Electric field energy deduce, why one of the term goes zero?

Question

When we derive equation for energy of electric field, we end up below during the process $$U=\frac{\epsilon_0}{2}\left[\int (\nabla\phi)\cdot(\nabla\phi)dV-\int\nabla\cdot(\phi\nabla\phi)dV\right]$$ and then, $$U=\frac{\epsilon_0}{2}\left[\int (\nabla\phi)\cdot(\nabla\phi)dV-\oint(\phi\nabla\phi)\cdot d\mathbf a\right]$$ I think I can quiet grasp the idea that when we integrate over the entire space, the second term will be calculated to have $r^{-1}$ term which leads to zero, thus negligible.

But my question is, do we always pretend that second term is zero? Is there any situation where we need to account the second term?

Such as when we are dealing with parallel plate condenser, especially the infinite sized case, second term doesn't seem like to go zero at all in that case.

And what about the case of energy density? though we write $$u=\frac{\epsilon_0 E^2}{2}$$ when electric field is close to the source or where electric field is strong enough, the second term seemingly no longer obsolete thus I thought maybe there's a case where we calculate energy density of electric filed by $$u=\frac{\epsilon_0 E^2}{2}+\frac{\epsilon_0}{2}\nabla\cdot(\phi \mathbf E)$$

If we never use the second term, why is that? Is there any way to prove that second term is always negligible?

Answer 1

$U$ in your first formula is the total Coulomb energy of a continuous distribution of charge in space. This energy is a number assigned to the system as a whole, and is not necessarily distributed in space.

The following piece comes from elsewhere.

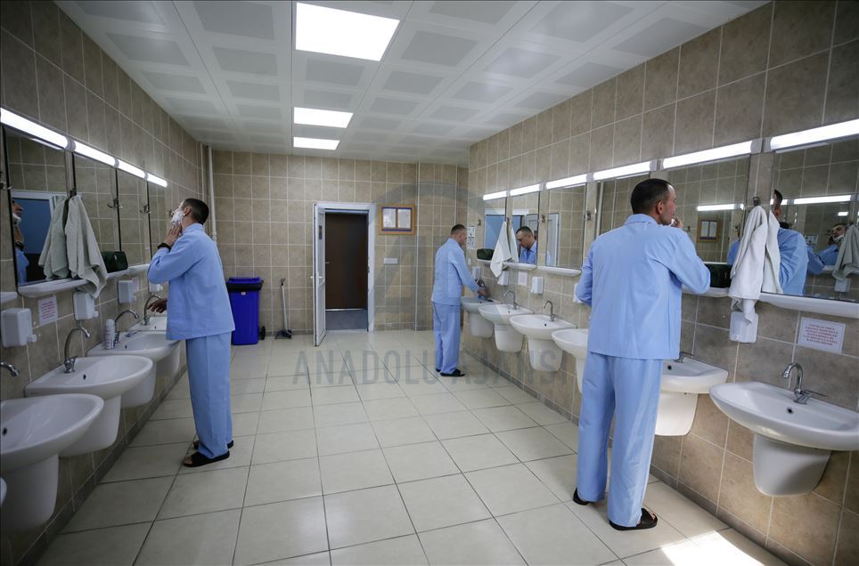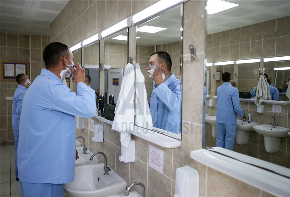 Ege Ordusu Komutanlığının İzmir'in Foça ilçesinde bulunan Ulaştırma ve Terminal Birlik Komutanlığında, yeni tip koronavirüse (Kovid-19) karşı askeri personel ve erlerin korunması, salgının yayılmaması için alınan tedbirler titizlikle uygulanıyor. Komutanlıkta koronavirüs tedbirleri kapsamında koğuşlar, dinlenme tesisleri, yemekhane, çamaşırhane, nizamiye ve eğitim faaliyetleri sırasında alınan önlemler dikkat çekiyor. ( Mahmut Serdar Alakuş - Anadolu Ajansı )Mahmut Serdar Alakuş

But it can be thought of as distributed to space and to its boundary the way you wrote it. However, the boundary is arbitrary, so we can push it to infinity and then it turns out (for static field that decays fast enough in infinity) contribution of the boundary is zero. Thus we can think of the Coulomb energy as distributed in infinite space, no boundaries needed.

There is still an infinity of different ways to distribute the same energy in infinite space, including the Poynting density $u = \frac{1}{2}\epsilon_0E^2$ and the density you suggest $u' = u+\frac{1}{2}\epsilon_0 \nabla\cdot(\phi\mathbf E)$.

There are reasons for preferring the Poynting density as the definition of energy density of electric field, in the general case. It is the simplest and symmetric in terms of fields. However, remember this is just a definition of density that we chose, a very useful one, but we could work instead with $u'$ and with any finite system, we get the same total energy, because contribution of the divergence term is zero when taken over the whole space. It changes distribution of energy in space, but not the total energy. There is no way to decide which density expression is the right one in physical sense: it is a matter of practicality and aesthetics, and most often, the Poynting expression $u$ is preferred.

Energy of an infinite parallel plate capacitor is infinite, so both densities will get that right.